Oh, honey. ((((HUGS)))) I feel your pain. I know it hurts but just remember that she is up in heaven now with other colts to play with and kids to spoil. She will be waiting for you in all her youthful glory when you get up there too.


----------



## BarneyBabby (Nov 18, 2008)

She so pretty. I know she has to be happier. It hurts I know. A horse from my barn who I have known sence i have been there (14 years) died a few weeks ago. When I was little and my sister didnt want me to ride with her she would throw me up on her. She was so sweet to me. I was there the day the BO got her and I was there the day she died in my arms. She put her head in my lap a few hours before and I sat there whispering to her.


----------



## reining girl (Jan 30, 2009)

o, that made me cry. She was a very pretty girl and you know that you gave her the best 5 years of her life.


----------



## Jubilee Rose (May 28, 2008)

Aww, sweetie ... I am so sorry. Jeannie lived a long, full life... longer than a lot of horses. I'm so glad she got to spend 5 wonderful years with you. She was very much loved and will always be in your heart.

***Hugs***


----------



## Tayz (Jan 24, 2009)

awww...that's so sad.. I'm sorry for your loss


----------



## RockinTheBit07 (Jan 3, 2008)

Thanks everyone. I truely miss her. I still cant believe she is gone, i cant go and pet her, touch her face, kiss her, brush her, its just really really hard. I dont think i will ever get over it but i know in time it will get a little better...i hope. I got to see some pictures of Jean as a youngin and God she was absolutely gorgeous!!! She was a great jumper too. When i get copies of her i will post them. The fact that they put another horse in her stall not 24 hours after she was gone kinda made it worse for me, that horse does not deserve her stall!


----------



## NorthernMama (Mar 12, 2008)

I'm sorry for your loss. You had wonderful years together. Don't let her passing jade your love towards others, but spread it around all the more!


----------



## RockinTheBit07 (Jan 3, 2008)

Thanks, I am trying, its hard. I havent been thinking much of Jeannie, trying to move on but everywhere i look there is something that reminds me of her.

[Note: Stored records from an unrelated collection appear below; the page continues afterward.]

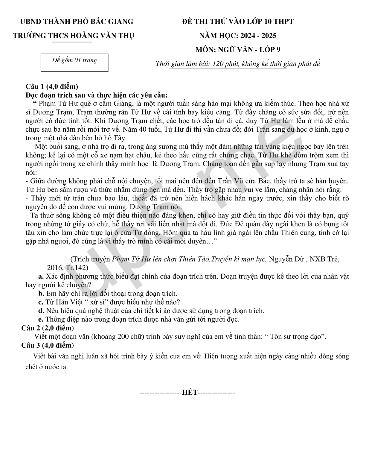 ĐỀ THI THỬ VÀO LỚP 10 THPT NĂM HỌC: 2024 - 2025 MÔN: NGỮ VĂN - LỚP 9 Thời gian làm bài: 120 phút, không kể thời gian phát đề |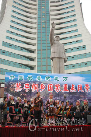 4月22日由黎平县委、县政府举办的“黎平侗乡国家重点风景名胜区旅游推介会”在贵阳市人民广场举行。来自田间地头的147名民族演员,带来了洪州平架琵琶歌、尚重琵琶歌、口江侗族大歌、九潮瑶族芦笙舞及精彩的民族服饰展示,倾倒现场的贵阳市民。表演现场还进行了黎平旅游促销,吸引众多贵阳市民的关注。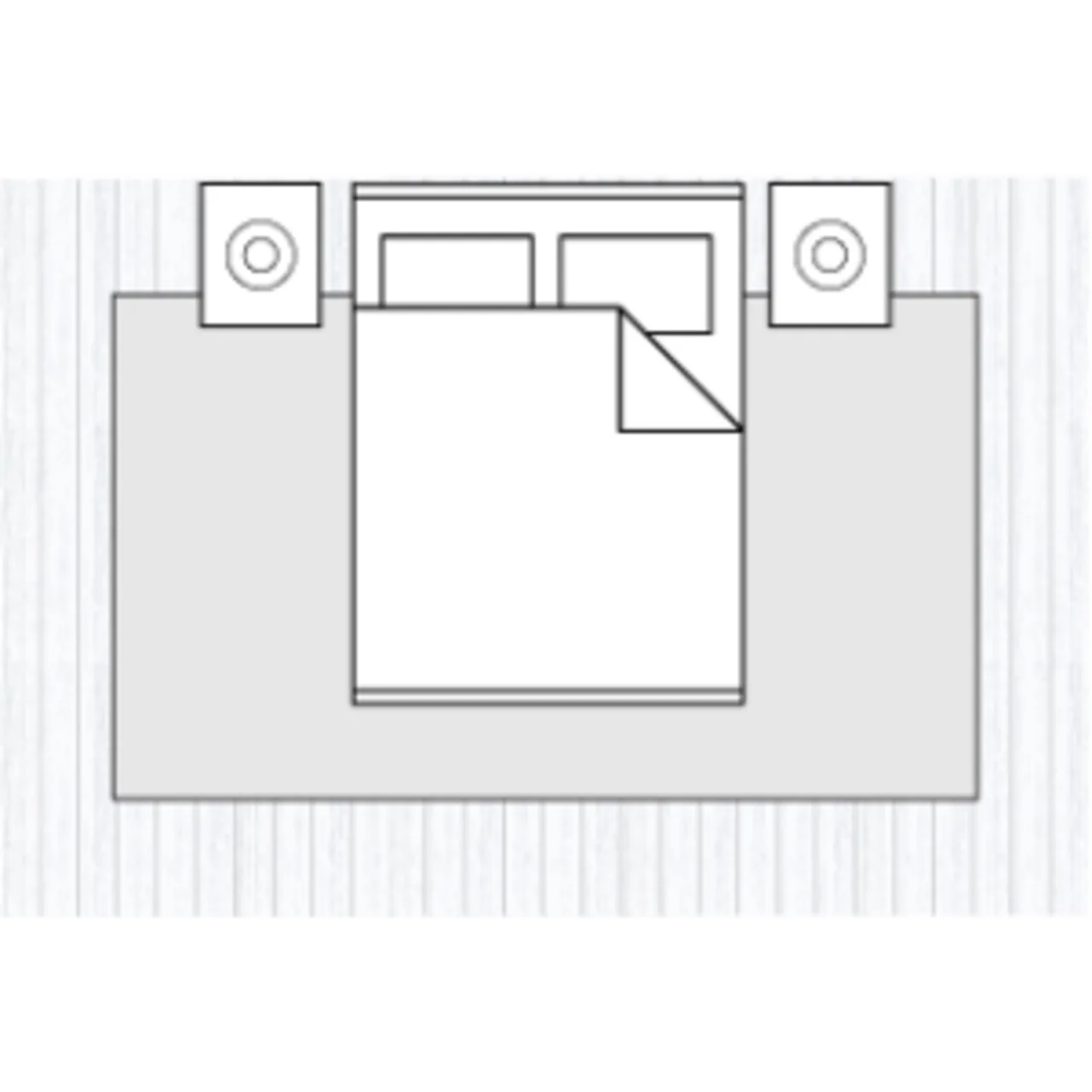 Bedroom (King Bed) | 8' x 10' → 9' x 12' | Extend the rug beyond both nightstands for a luxurious frame around the bed. |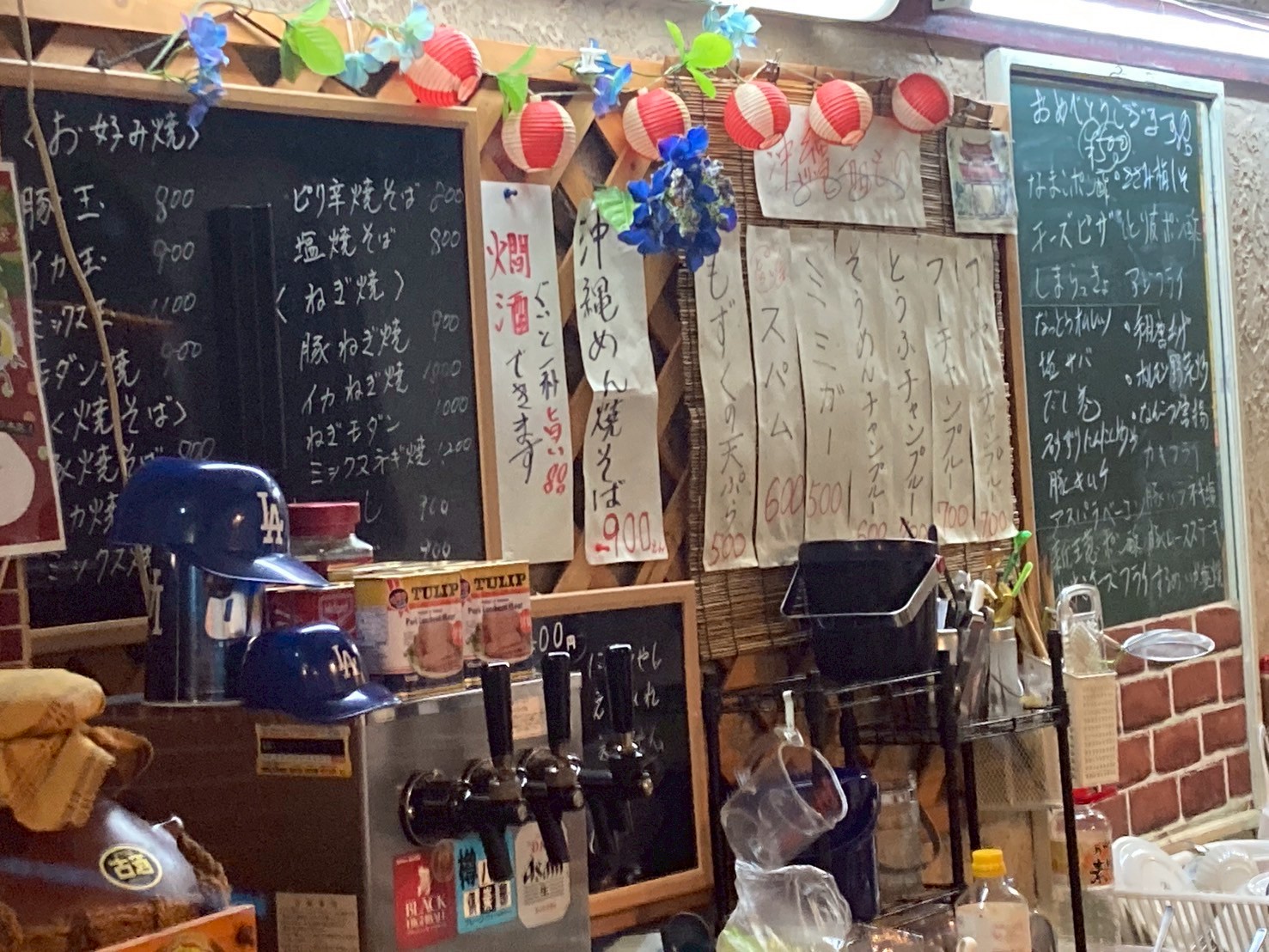 沖縄料理とお好み焼きが楽しめる珍しいスタイルのお店。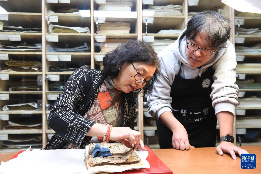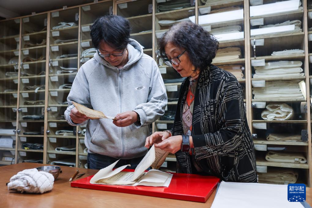 11月18日,在天一阁文物修复中心,谢龙龙(左)在王金玉指导下进行古籍修复的准备工作。
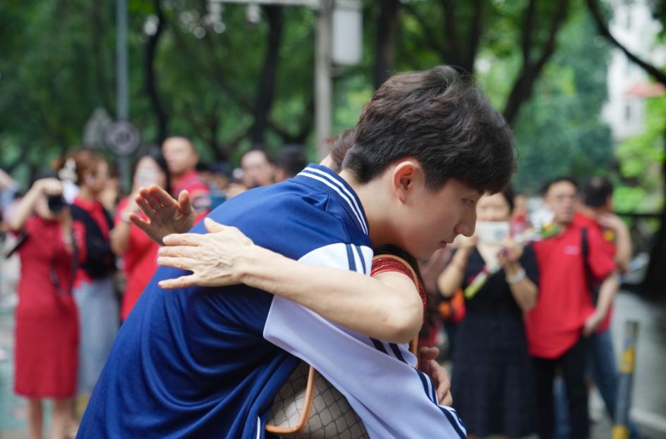 在广州市铁一中学的门口,一位妈妈在进考场前,拥抱孩子为孩子打气加油。
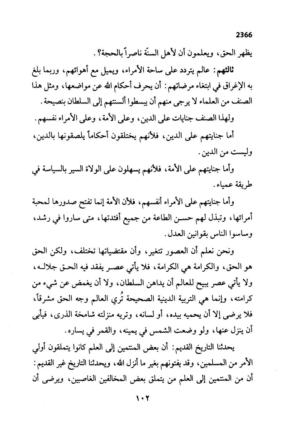 ثالثهم: عالم يتردد على ساحة الأمراء، ويميل مع أهوائهم، وربما بلغ به الإغراق في ابتغاء مرضاتهم: أن يحرف أحكام الله عن مواضعها، ومثل هذا الصنف من العلماء لا يرجى منهم أن يبسطوا ألسنتهم إلى السلطان بنصيحة.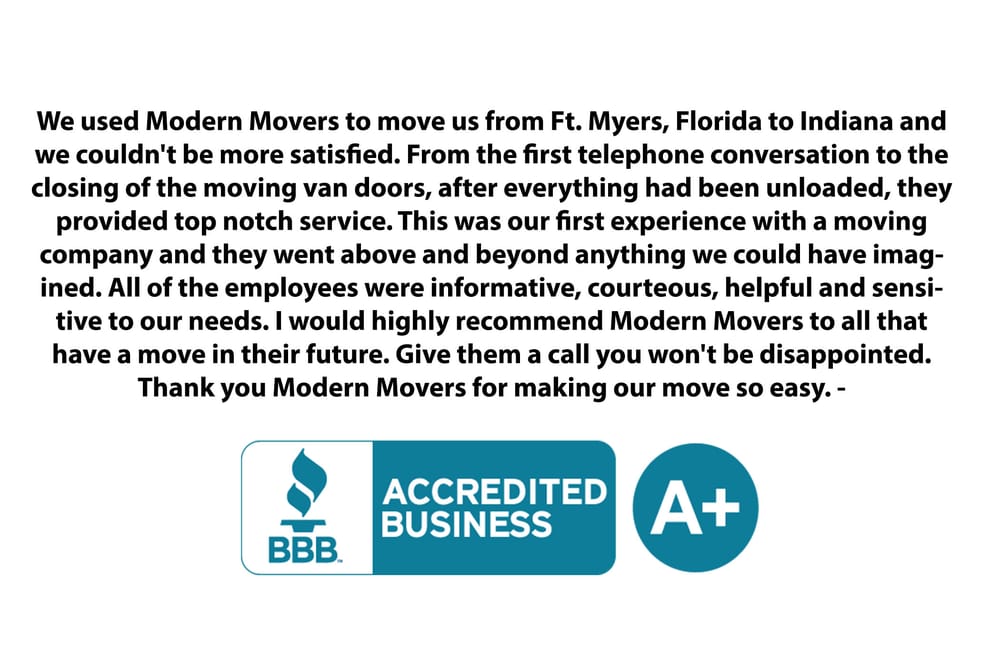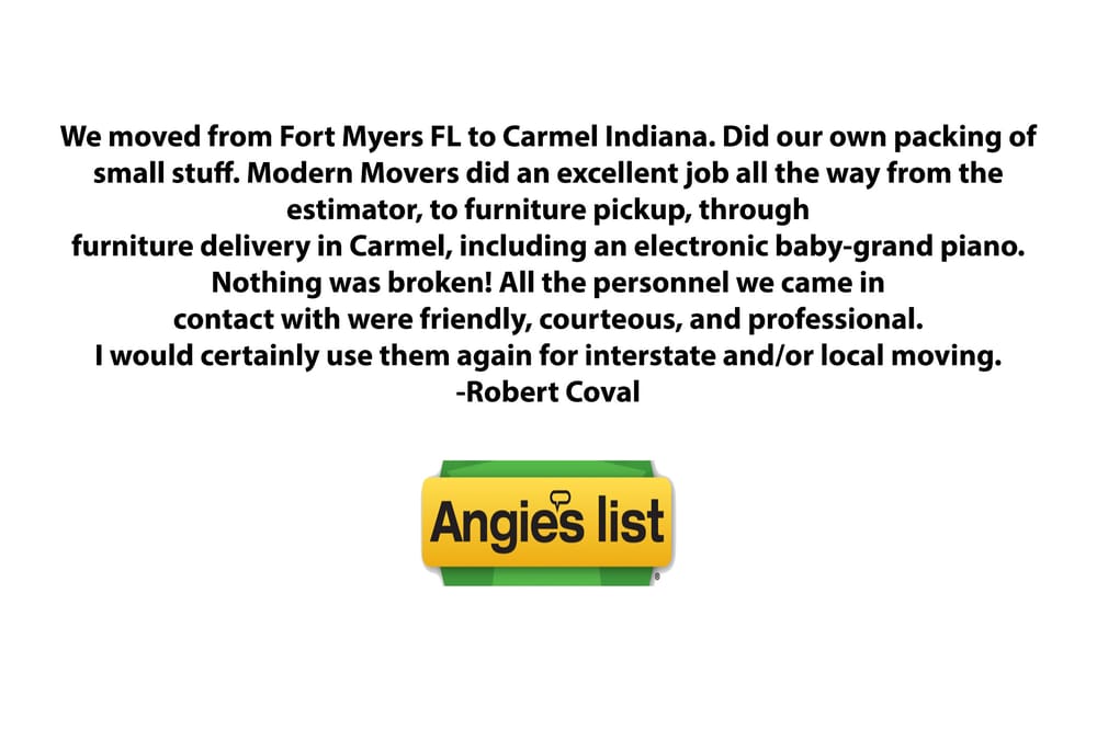 Modern Movers did a great job packing and moving my household from Naples Fl to Greensboro GA. Every aspect was handled professionally, on time and no damage!! I highly recommend Modern Movers!

Im a sensitive person and tend to take everything to heart (its a flaw i have!) but i saw putting a new horse in her stall offensive especially since the girl whos horse is there was like "guess what? Lily got a new stall, its Jeannies old one!" but she said it soo cheerful, it kind of hurt me, i cant explain it really, i know i sound stupid but its my feelings what am i gonna do? lol I have just stopped paying attention to that horse/stall. Hopefully I will have pics of Jeannie as a young bean tomorrow!!!


----------